EXERCISE AIM:
Everything in the records below goes into the copy exactly, except the pictures.

+ + + + +

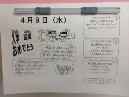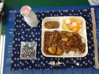 今学期最初の給食は、入学・進級お祝い献立でした。内容は、「カツカレー、フルーツ白玉、ミニフィッシュ」です。子どもたちが大好きなメニューで、どの学年でも好評でした。
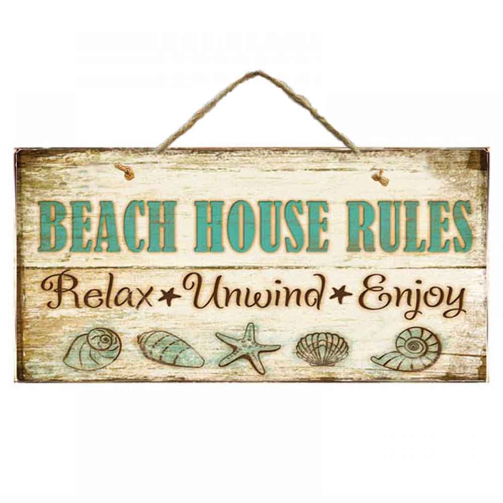 Ξύλινος χειροποίητος πίνακας beach house rules
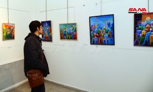 وعن المعرض قال التشكيلي عبد المعطي أبو زيد رئيس اتحاد التشكيليين الفلسطينيين في تصريح لسانا “أصبح معرض اللوحة الصغيرة تقليداً سنوياً لاتحادنا وأردنا هذا العام أن يكون مختلفاً بمواضيعه عن تلك التي نطرحها في المناسبات الوطنية بالتعبير عن التزامنا تجاه قضيتنا الفلسطينية من خلال التركيز على الجمال الفلسطيني وتعدد وجوهه من طبيعة وأزياء تراثية وبيوت وغيرها” مشيراً إلى إتاحة المجال للفنانين المشاركين في المعرض ليعبروا عن رؤاهم بكل حرية بأساليب جديدة وألوان مختلفة.
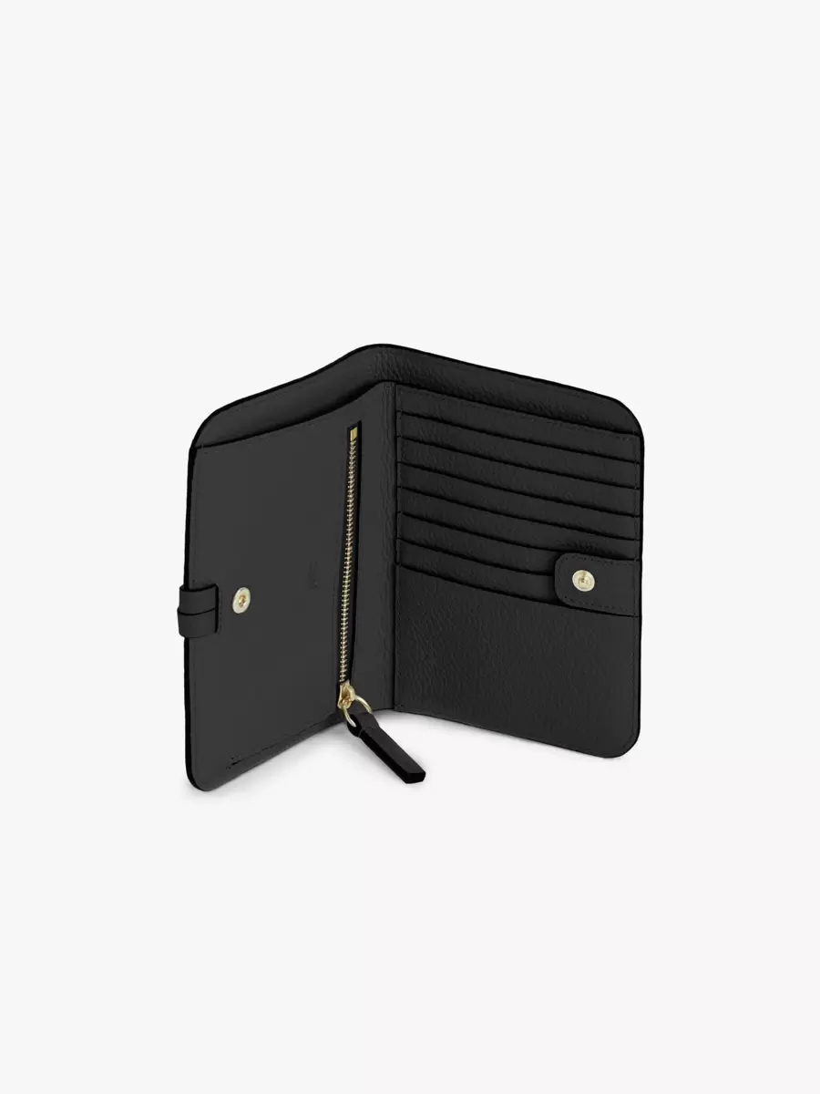 The Maison’s iconic Alphabet line includes this bifold wallet in grained and shiny calfskin, featuring a zipped compartment and multiple card slots.
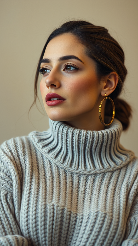A woman adorned in a cozy sweater and elegant brown hoop earrings, evoking the essence of Shirin Neshat's style, with graceful curves highlighted in soft silver and light gray tones. Captured in a candid moment reminiscent of celebrity snapshots, her expression is both strong and captivating. The scene incorporates elements of Penelope Rosemont's influence, blending a touch of folk and naïve art.
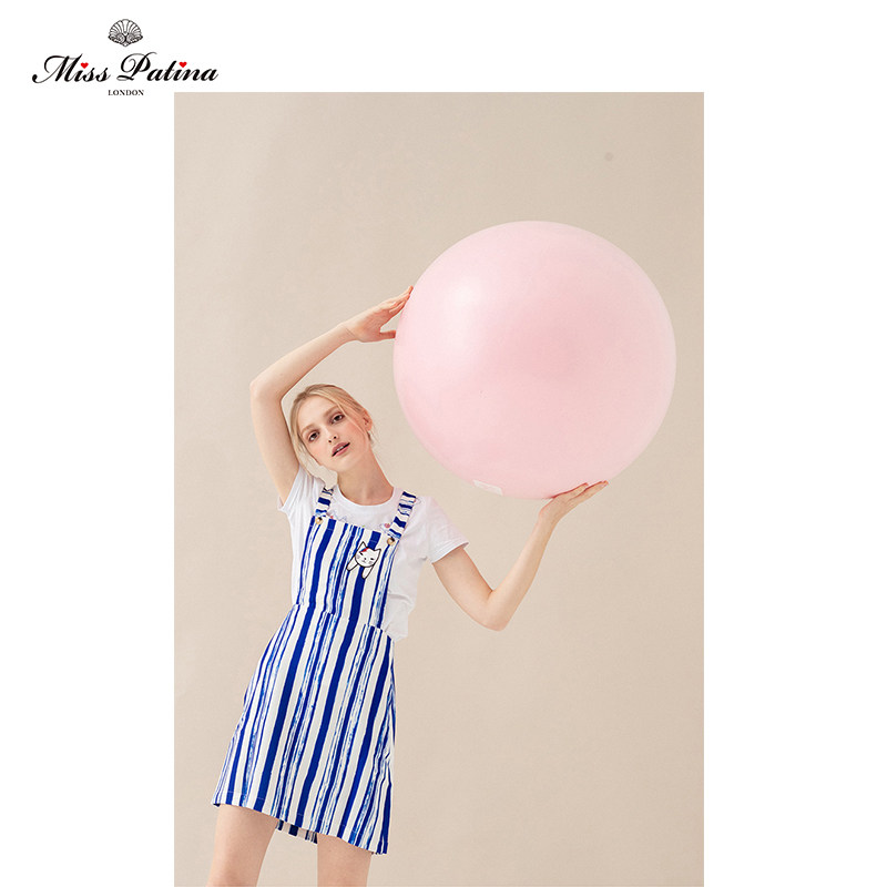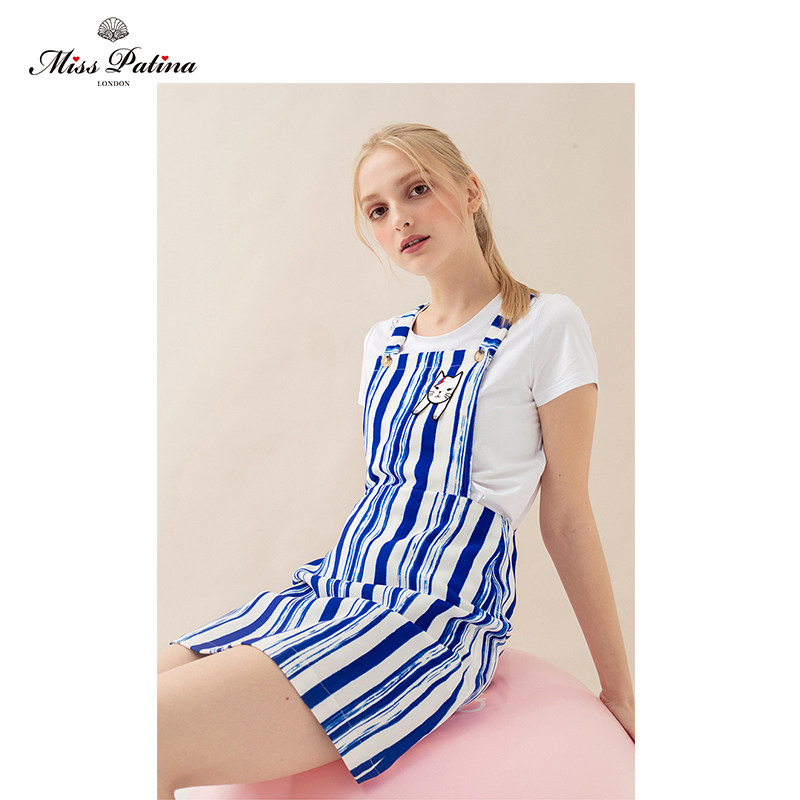MP英伦复古原创设计 闪电猫刺绣系列文艺海洋风竖条纹百搭背带裙
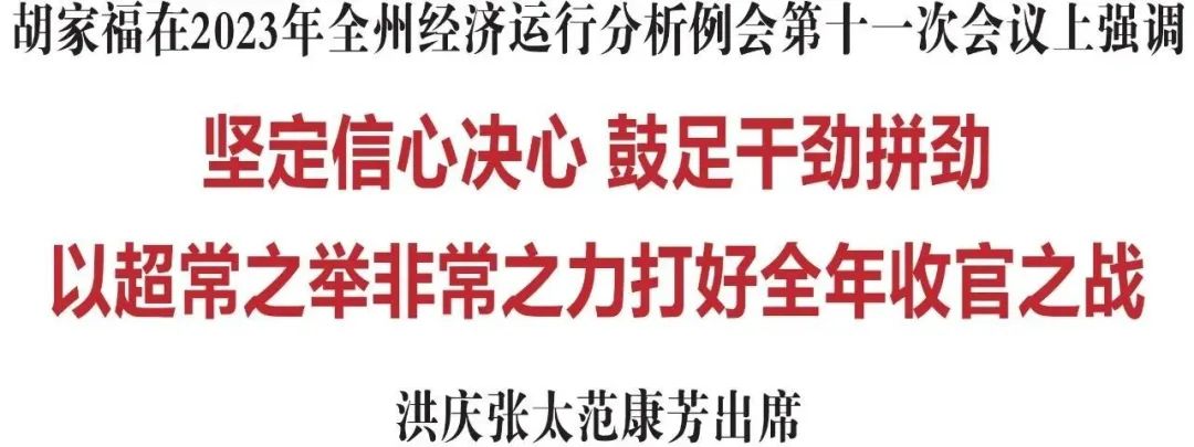 胡家福指出,今年以来,全州上下按照省委、省政府的部署要求,聚焦跨越赶超目标任务,全力以赴扩投资、稳工业、促消费、增活力,固投保持快速增长,工业运行总体平稳,消费市场持续升温,经济运行延续前三季度稳定增长的良好态势。在肯定成绩的同时,必须清醒地看到,当前经济运行中还存在固定资产投资后劲不足、工业增长持续承压、限上社消回落明显等问题,必须强化问题导向,突出精准施策,以更加有力有效的举措推动经济持续保持稳中向好、稳中有进、稳中提质的良好势头。
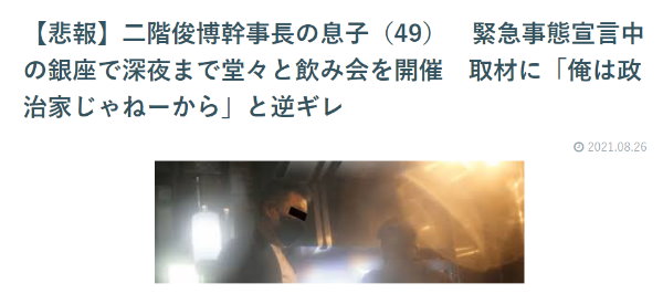 【悲報】二階俊博幹事長の息子(49) 緊急事態宣言中の銀座で深夜まで堂々と飲み会を開催 取材に「俺は政治家じゃねーから」と逆ギレ【悲報】二階俊博幹事長の息子(49) 緊急事態宣言中の銀座で深夜まで堂々と飲み会を開催 取材に「俺は政治家じゃねーから」と逆ギレ https://t.co/2I7oxr4Tqo
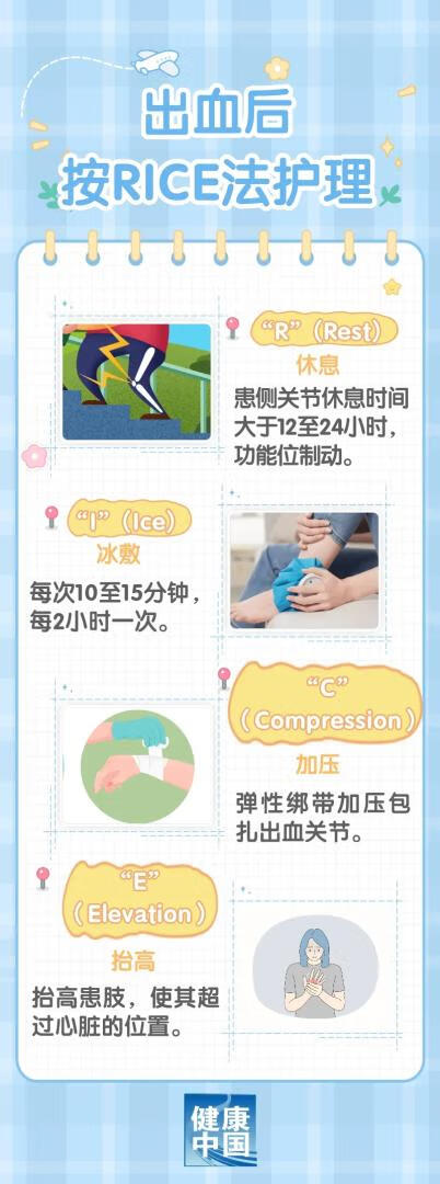 一旦发现血友病患者出血,最重要的是尽快为其注射凝血因子。其后可按RICE 法进行护理。
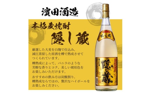 - 本格麦焼酎 「隠し蔵(かくしぐら)」 1800ml×4本 25度 セット 鹿児島 本格麦焼酎 樽で 貯蔵熟成 した琥珀色の 本格麦焼酎 濵田酒造 傳藏院蔵 【C-214H】
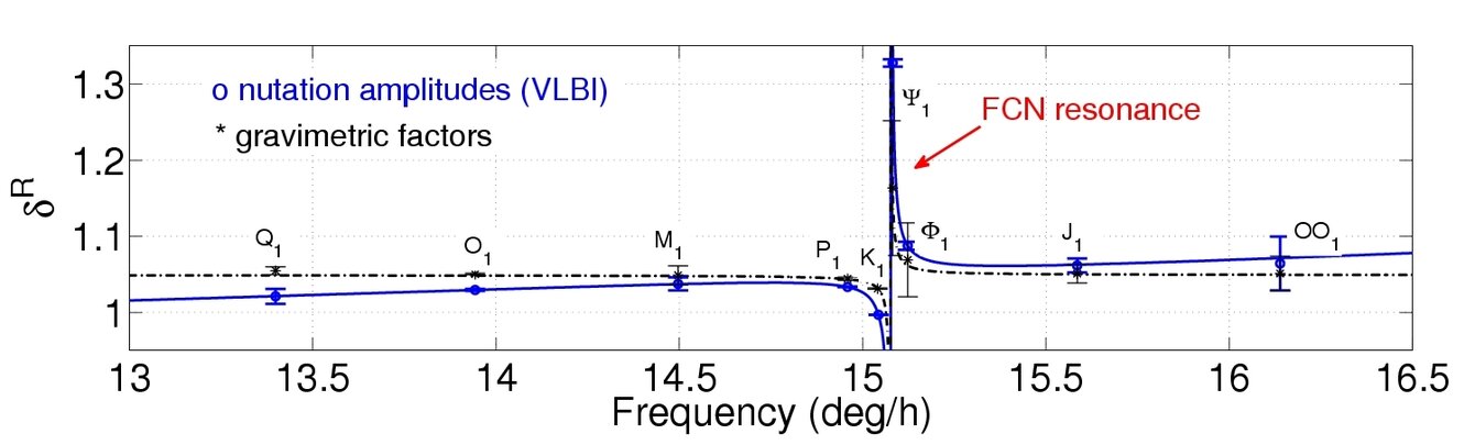 Parce-que la Terre possède un noyau fluide, sa rotation est perturbée. L'effet du noyau liquide, dont l'axe de rotation est incliné par rapport à celui du manteau, se traduit par une nutation libre, appelée Nutation Libre du Noyau (Free Core Nutation). L'effet en rotation est 300 fois plus grand que l'effet en déformation et donc ce mode est mieux observé dans les données de nutations par interférométrie à large bande (VLBI). Cependant, comme cette nutation a une période quasi-diurne dans un repère terrestre tournant, le forçage par les marées diurnes entraînent un effet de résonance associé à la FCN qui se traduit par une amplification ou la réduction de l'amplitude de certaines ondes diurnes. Par ajustement d'un modèle de résonance non-linéaire, il est possible d'estimer les paramètres de la FCN (amplitude et facteur de qualité Q) qui apportent des contraintes sur les couplages à l'interface noyau - manteau (CMB).

+ + + + +

SOLVED EXERCISE:
 今学期最初の給食は、入学・進級お祝い献立でした。内容は、「カツカレー、フルーツ白玉、ミニフィッシュ」です。子どもたちが大好きなメニューで、どの学年でも好評でした。
 Ξύλινος χειροποίητος πίνακας beach house rules
 وعن المعرض قال التشكيلي عبد المعطي أبو زيد رئيس اتحاد التشكيليين الفلسطينيين في تصريح لسانا “أصبح معرض اللوحة الصغيرة تقليداً سنوياً لاتحادنا وأردنا هذا العام أن يكون مختلفاً بمواضيعه عن تلك التي نطرحها في المناسبات الوطنية بالتعبير عن التزامنا تجاه قضيتنا الفلسطينية من خلال التركيز على الجمال الفلسطيني وتعدد وجوهه من طبيعة وأزياء تراثية وبيوت وغيرها” مشيراً إلى إتاحة المجال للفنانين المشاركين في المعرض ليعبروا عن رؤاهم بكل حرية بأساليب جديدة وألوان مختلفة.
 The Maison’s iconic Alphabet line includes this bifold wallet in grained and shiny calfskin, featuring a zipped compartment and multiple card slots.
A woman adorned in a cozy sweater and elegant brown hoop earrings, evoking the essence of Shirin Neshat's style, with graceful curves highlighted in soft silver and light gray tones. Captured in a candid moment reminiscent of celebrity snapshots, her expression is both strong and captivating. The scene incorporates elements of Penelope Rosemont's influence, blending a touch of folk and naïve art.
MP英伦复古原创设计 闪电猫刺绣系列文艺海洋风竖条纹百搭背带裙
 胡家福指出,今年以来,全州上下按照省委、省政府的部署要求,聚焦跨越赶超目标任务,全力以赴扩投资、稳工业、促消费、增活力,固投保持快速增长,工业运行总体平稳,消费市场持续升温,经济运行延续前三季度稳定增长的良好态势。在肯定成绩的同时,必须清醒地看到,当前经济运行中还存在固定资产投资后劲不足、工业增长持续承压、限上社消回落明显等问题,必须强化问题导向,突出精准施策,以更加有力有效的举措推动经济持续保持稳中向好、稳中有进、稳中提质的良好势头。
 【悲報】二階俊博幹事長の息子(49) 緊急事態宣言中の銀座で深夜まで堂々と飲み会を開催 取材に「俺は政治家じゃねーから」と逆ギレ【悲報】二階俊博幹事長の息子(49) 緊急事態宣言中の銀座で深夜まで堂々と飲み会を開催 取材に「俺は政治家じゃねーから」と逆ギレ https://t.co/2I7oxr4Tqo
 一旦发现血友病患者出血,最重要的是尽快为其注射凝血因子。其后可按RICE 法进行护理。
 - 本格麦焼酎 「隠し蔵(かくしぐら)」 1800ml×4本 25度 セット 鹿児島 本格麦焼酎 樽で 貯蔵熟成 した琥珀色の 本格麦焼酎 濵田酒造 傳藏院蔵 【C-214H】
 Parce-que la Terre possède un noyau fluide, sa rotation est perturbée. L'effet du noyau liquide, dont l'axe de rotation est incliné par rapport à celui du manteau, se traduit par une nutation libre, appelée Nutation Libre du Noyau (Free Core Nutation). L'effet en rotation est 300 fois plus grand que l'effet en déformation et donc ce mode est mieux observé dans les données de nutations par interférométrie à large bande (VLBI). Cependant, comme cette nutation a une période quasi-diurne dans un repère terrestre tournant, le forçage par les marées diurnes entraînent un effet de résonance associé à la FCN qui se traduit par une amplification ou la réduction de l'amplitude de certaines ondes diurnes. Par ajustement d'un modèle de résonance non-linéaire, il est possible d'estimer les paramètres de la FCN (amplitude et facteur de qualité Q) qui apportent des contraintes sur les couplages à l'interface noyau - manteau (CMB).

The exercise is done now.